Ireland had one other administrative division above the county, now only historical, that of the province.

There were four provinces of Ireland: Connacht, Leinster, Munster and Ulster (there were other provinces, shown in the map appendix, but they were all eventually absorbed by the four). Each of these provinces had a king who vied to be king of all Ireland or Ard-Righ (High King). When a high king was decided upon, another took his place as king of the province and all the provincial kings paid homage to the high king.

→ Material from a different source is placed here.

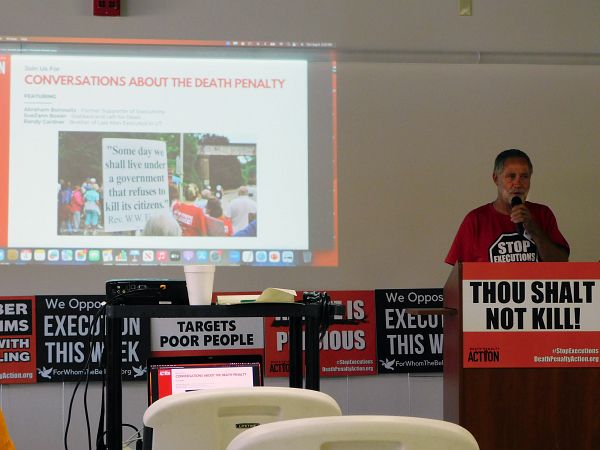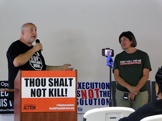 Entre los presentadores en el evento de la parroquia y la conferencia de prensa estuvieron Abraham Bonowitz, director del programa ‘Death Penalty Action’; SueZann Bosler, co-fundadora de ‘Journey of Hope … From Violence to Healing’; Charles Keith de ‘Death Penalty Action’; y Randy Gardner, cuyo hermano Ronnie Lee Gardner fue la última persona [antes de Honie] ejecutada en Utah. Randy Gardner también es miembro del comité de ‘Death Penalty Action”.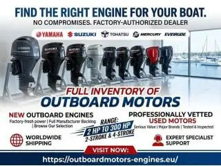 Your Trusted Source for New and Used Outboard Motors — All Major Brands, Shipped WorldwideBoats - Ships - - April 27, 2026Finding the right engine should never be a compromise. We are a factory-authorized dealer with a full inventory of outboard motors for sale from Yamaha, Suzuki, Honda, Tohatsu, Mercury, and Evinrude ranging from 2 HP to 300 HP in both 2-stroke ...

Our family is from the province of Connacht which is located in the west of Ireland. It is named after Conn of the Hundred Battles. At one time the entire northen half of Ireland was known as Leth Cuin, or Conn's half. The word `Connacht' comes from the Ichta of Conn which in ancient Gaelic meant "the children of Conn" and was translated as meaning "territory possessed by the posterity of Conn". Over the centuries Ichta of Conn became Connichta, Connachta and then the relatively modern Connacht. Connacht is often shown in an anglicized version as Connaught.


















Showing the Baronies of each County





What is now County Mayo (and part of County Sligo) in Connacht was the domain of the Ui Fiachrach tribe. The Ui Fiachrach Muaide a subdivision of the main tribe, settled on the River Moy.

The Moran Clan became a part of the Ui Fiachrach Muaide. We will have to go back a ways to put all this into perspective. Much of what follows about ancient names and places are from oral histories that were carried from generation to generation until early historians wrote them down. Their veracity has always been questioned although much has been supported by archaeological finds and deduction.



A map of the territory of Hy Fiachrach drawn by John Donovan and published with the work of Duald Mac Firbus

, The Genealogies, Tribes and Customs of Hy Fiachrach which he edited.

The following maps also came from John Donovan and used by Mac Firbus and represent different names for what are essentially the same people, but as what they were called over the centuries and in some instances when a subdivision of what became Ui Fiachrach ascended to control of the overall tribe. In almost all cases the name of the tribe and territory are both derived from a progenitor of note, thus tribes sometimes changed their names to reflect a more recent family (tribal) hero.

The term 'Attacotic' derives from Athachtuathe, Aithech Tuatha meant the rent-paying peoples also referred to as the plebians in Roman times. They were most probably the Firbolgs and other conquered peoples- who had been in bondage and serfdom
to the Milesians for hundreds of years. The Aithech Tuatha was Latinized as Attacotti and later Anglicized as Attacots. The terms Domnonians, Firdomonian, Firdomnann, Firgaileoin, Firbolgs, Eremonians, Nemedians, Irrusdomnoun, Gamary, Calraige, Calraighe and some others all refer to the Attacotic (Fir Bolg) peoples (tribes) who inhabited what/who became Ui Fiachrach and were all of the same people. There were other Fir-Bolg tibes elsewhere in Ireland as shown by the map.